The ratio of lifetime value to customer acquisition cost is known as the golden metric in business. When calculated, a number under three is considered to be poor. However, until a start-up establishes itself in the market, it is hard to acquire a customer following or brand loyalty. Keep your eye on this number to ensure that it rises with every passing year, but don’t get disheartened if your golden metric starts off below 3.
Profit margin:
The bottom line of every organization is directly affected by profits margins, making it the easiest to grasp of all metrics. Simply put, the profit margin is the difference between the selling price and cost of production. Its simplicity should not tarnish its importance, as this metric is a very good indicator of sustainability and growth potential of a start-up.
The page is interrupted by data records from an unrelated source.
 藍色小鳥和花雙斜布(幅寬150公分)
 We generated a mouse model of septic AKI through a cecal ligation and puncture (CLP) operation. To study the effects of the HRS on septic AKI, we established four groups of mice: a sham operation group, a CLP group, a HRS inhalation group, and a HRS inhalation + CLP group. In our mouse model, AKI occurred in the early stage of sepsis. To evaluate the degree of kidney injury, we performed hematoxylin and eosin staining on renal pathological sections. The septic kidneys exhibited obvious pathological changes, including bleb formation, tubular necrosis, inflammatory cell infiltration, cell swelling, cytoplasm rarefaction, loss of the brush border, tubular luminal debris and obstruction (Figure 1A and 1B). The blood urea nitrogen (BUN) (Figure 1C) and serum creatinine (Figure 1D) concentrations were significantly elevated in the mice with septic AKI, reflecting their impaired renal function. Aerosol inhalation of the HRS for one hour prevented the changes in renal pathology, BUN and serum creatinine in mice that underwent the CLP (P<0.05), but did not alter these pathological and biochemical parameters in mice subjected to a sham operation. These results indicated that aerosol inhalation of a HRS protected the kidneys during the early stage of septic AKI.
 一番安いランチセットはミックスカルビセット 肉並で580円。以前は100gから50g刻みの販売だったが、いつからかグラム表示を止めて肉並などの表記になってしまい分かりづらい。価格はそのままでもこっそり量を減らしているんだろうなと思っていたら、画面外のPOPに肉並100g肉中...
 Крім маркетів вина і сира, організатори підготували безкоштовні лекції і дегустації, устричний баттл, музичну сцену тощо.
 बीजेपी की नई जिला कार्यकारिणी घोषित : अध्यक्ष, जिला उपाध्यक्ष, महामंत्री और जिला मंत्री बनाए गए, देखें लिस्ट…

There are dozens of other KPIs that are specific to varying industries. Some KPIs are used to measure your business against industry standards or leaders. Though these may seem a bit much for budding start-ups, it’s never futile to measure KPIs and device strategies for improvement. These smart tips should come in handy while selecting the right KPIs for steady business growth:
The salmon strategy:
It is fascinating to watch salmon swim upstream, against the current, to spawn in their home stream. Sometimes businesses must take a page out of the salmon’s book and work backward to solve certain problems. The most notable quandary faced by start-ups is the choice of KPIs. Sometimes its easier to choose KPIs based on the data that is readily available to you. A balance sheet is mandatory for any organization, making most of the primary KPIs easily attainable.
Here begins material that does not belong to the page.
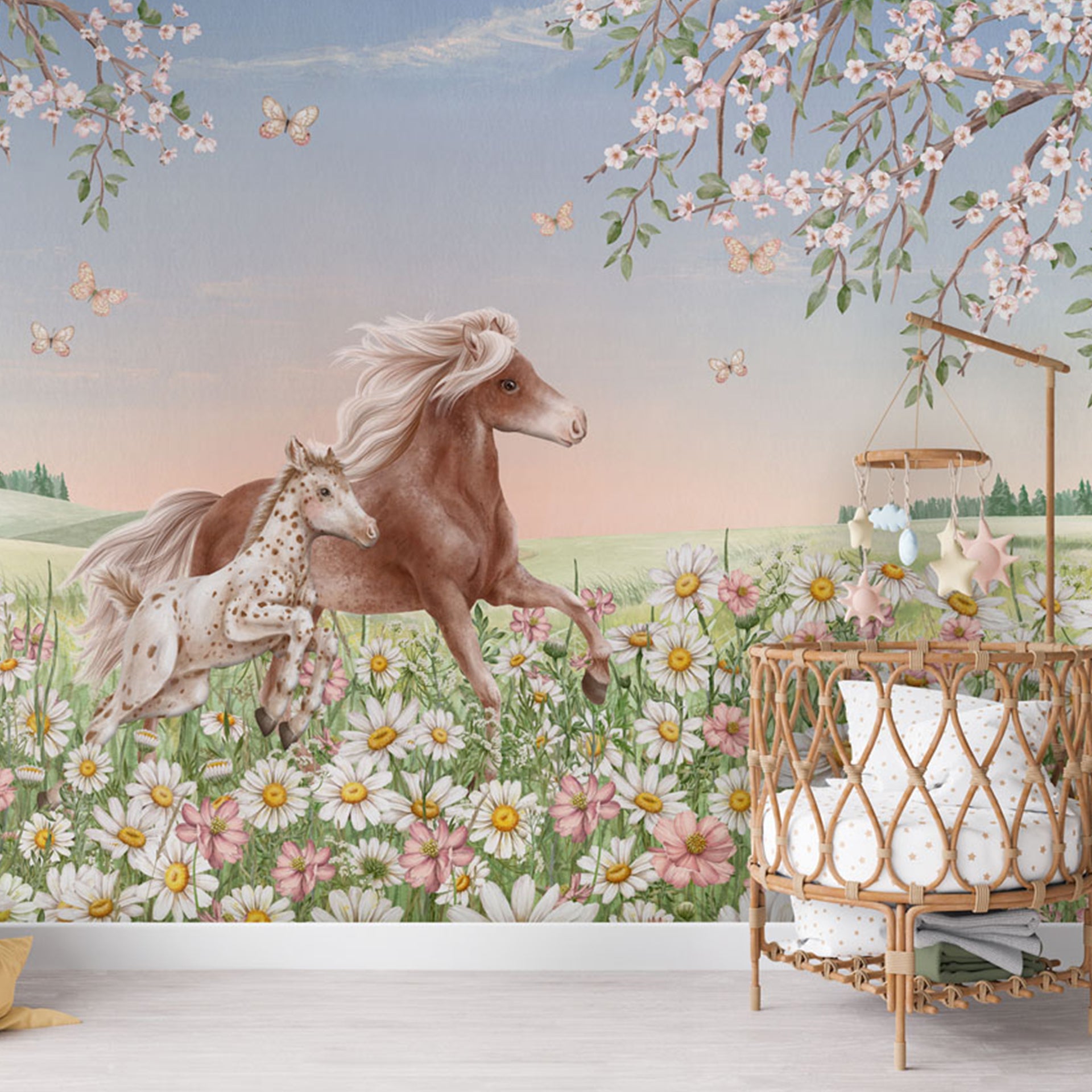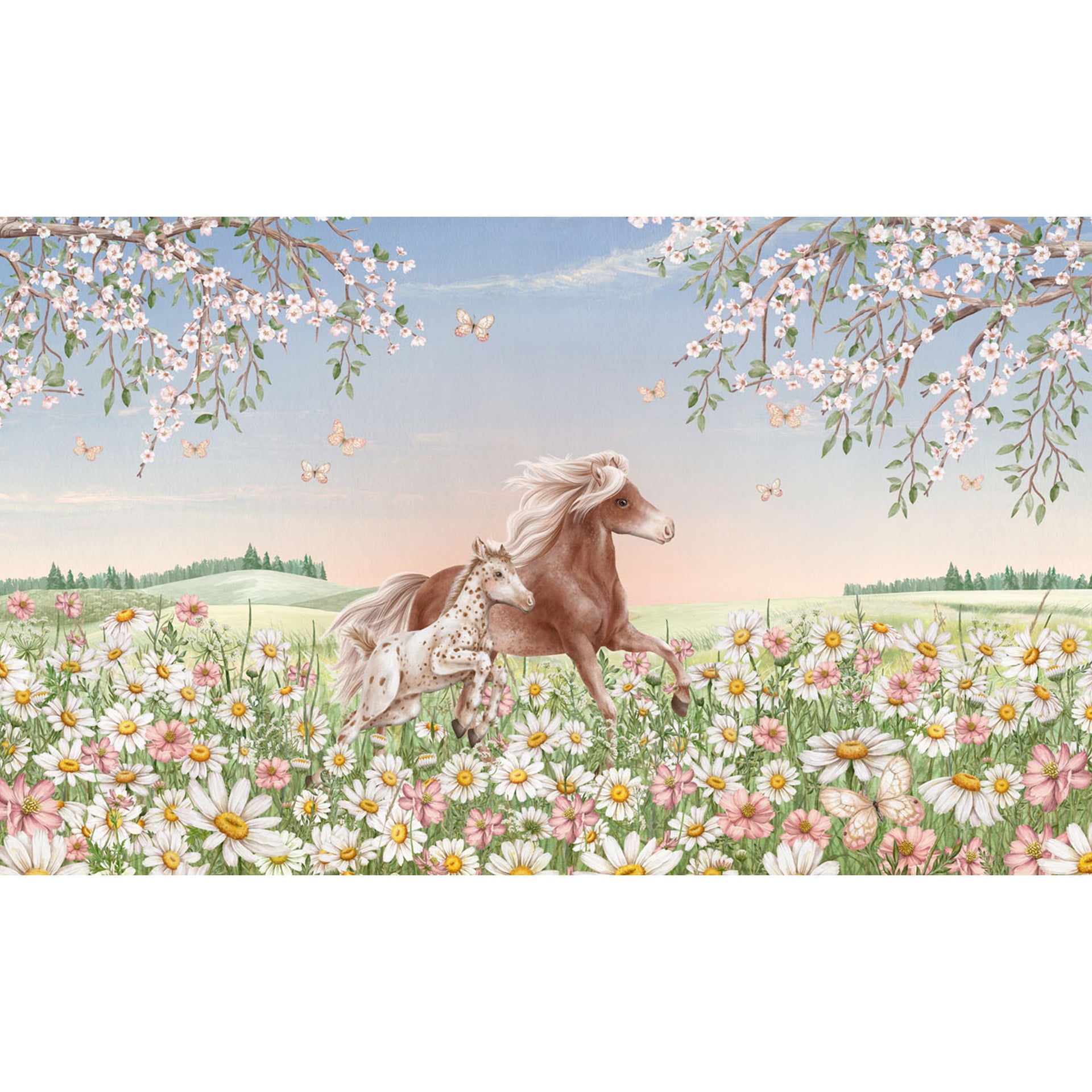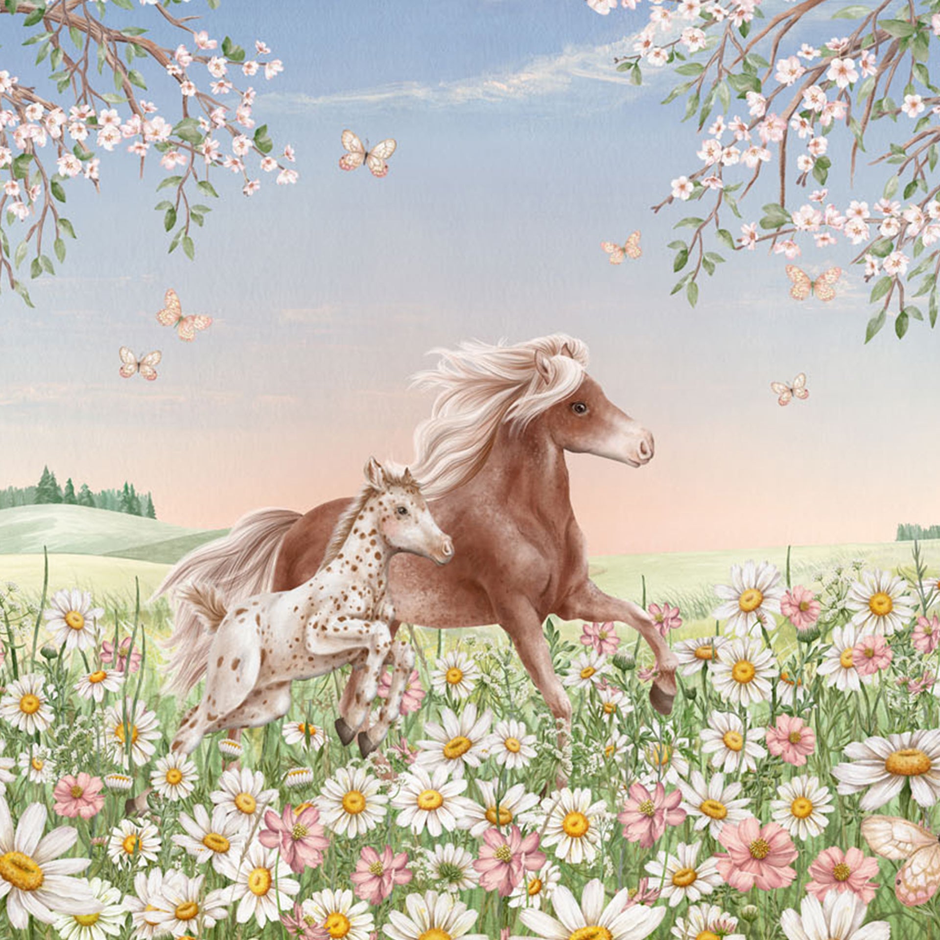 A tranquil spring scene features a brown horse and foal galloping through a daisy-filled meadow, framed by cherry blossoms and fluttering butterflies beneath a soft pastel sky.

From over two decades of experience, I have noticed that the hardest KPIs to measure are the ones that are related to marketing. With the advancement in technology, it is relatively easier to keep tabs on your marketing team. The use of link management platforms is a novel method to erase obscurity and measure marketing campaigns purposefully. The analytics on these platforms are so comprehensive that precision is never compromised. Social networks, such as Facebook, provide their analytics but do not explicitly state the number of bots that have clicked on your link. Invariably your measurement is flawed.
Split the responsibility:
Division of labor, based on one’s skill set is the best way to tackle any challenge. In keeping with this axiom, measurement of KPIs is often split into few sizeable chunks and assigned to particular teams. Not only does this ease the burden of measurement, but ownership also ensures that these teams take upon themselves the onus of improvement. Such motivation is a key ingredient to the growth of any start-up.
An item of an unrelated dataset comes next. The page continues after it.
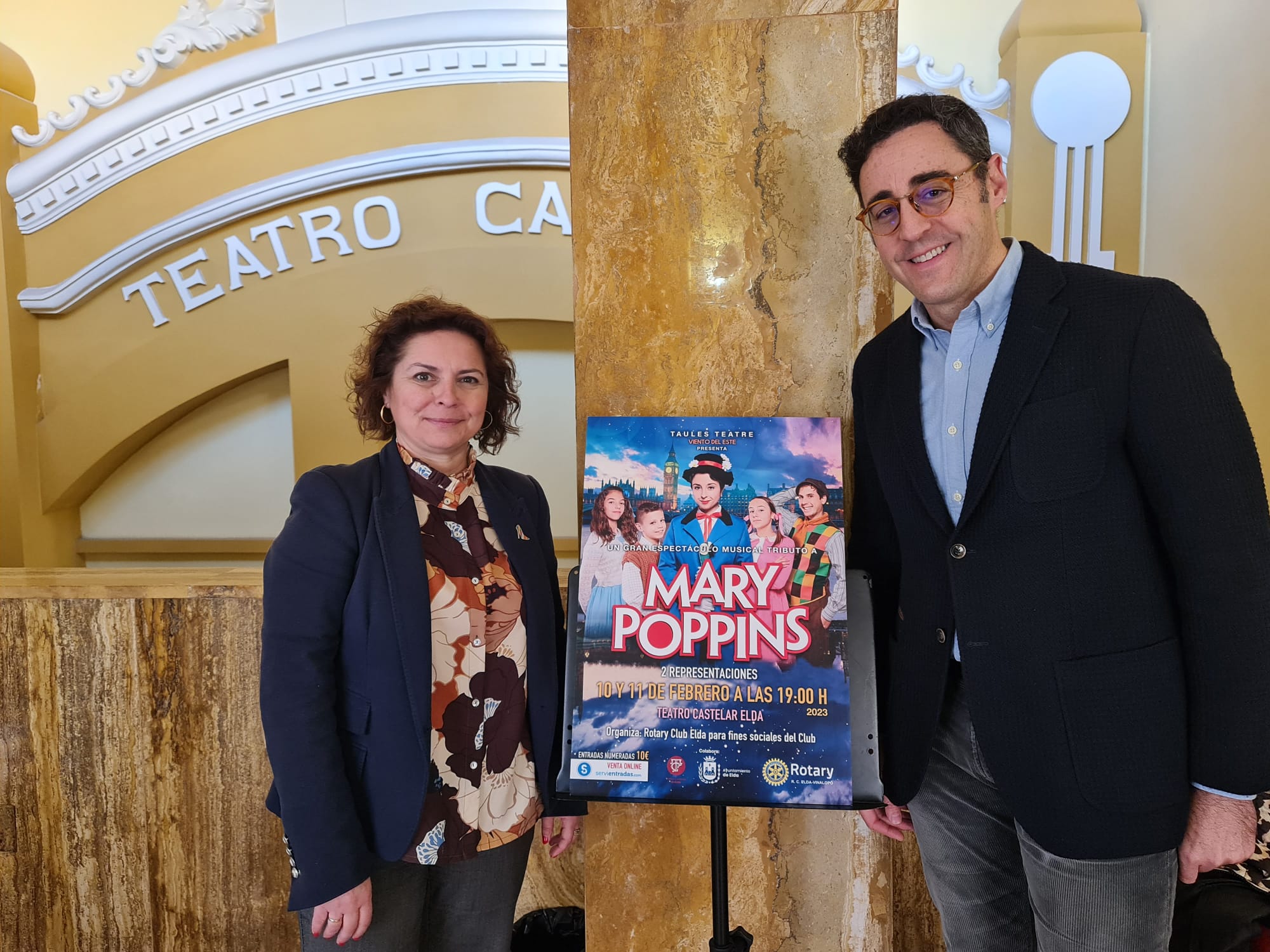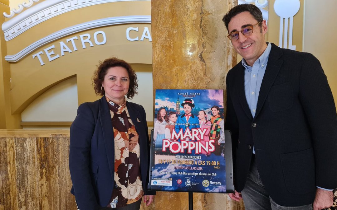 La concejala de Teatro, Rosa Vidal, y el presidente del Rotary Club Elda, Alejandro Pérez, han presentado esta mañana la obra ‘Vientos del Este’, una adaptación que rinde tributo a ‘Mary Poppins’ y que la compañía Taules Teatre llevará al escenario del Teatro Castelar los días 10 y 11 de febrero, a partir de las 19.00 horas. La doble representación tiene carácter benéfico y la recaudación se destinará a las ONG y colectivos a los que ayuda el Rotary Club Elda.

Measurement without action is futile:
The sole purpose of measuring KPIs is to improve upon existing business tactics. Without such impetus to improve, measurement is like a mirage of success. Be it to up the bottom line or expand the business, the need for progressive action is only surpassed by adept execution.
Concentrate on the most important KPIs:
KPIs vary in importance depending on the type of business and strategies employed to achieve business goals. The most important KPIs for a start-up may be the customer acquisition cost, whereas an established brand, in the same segment of the business, may consider customer lifetime value to be more significant than the rest. Whatever be your elixir to accelerated growth, the right KPI must be measured and monitored on a regular basis to stay on track to success.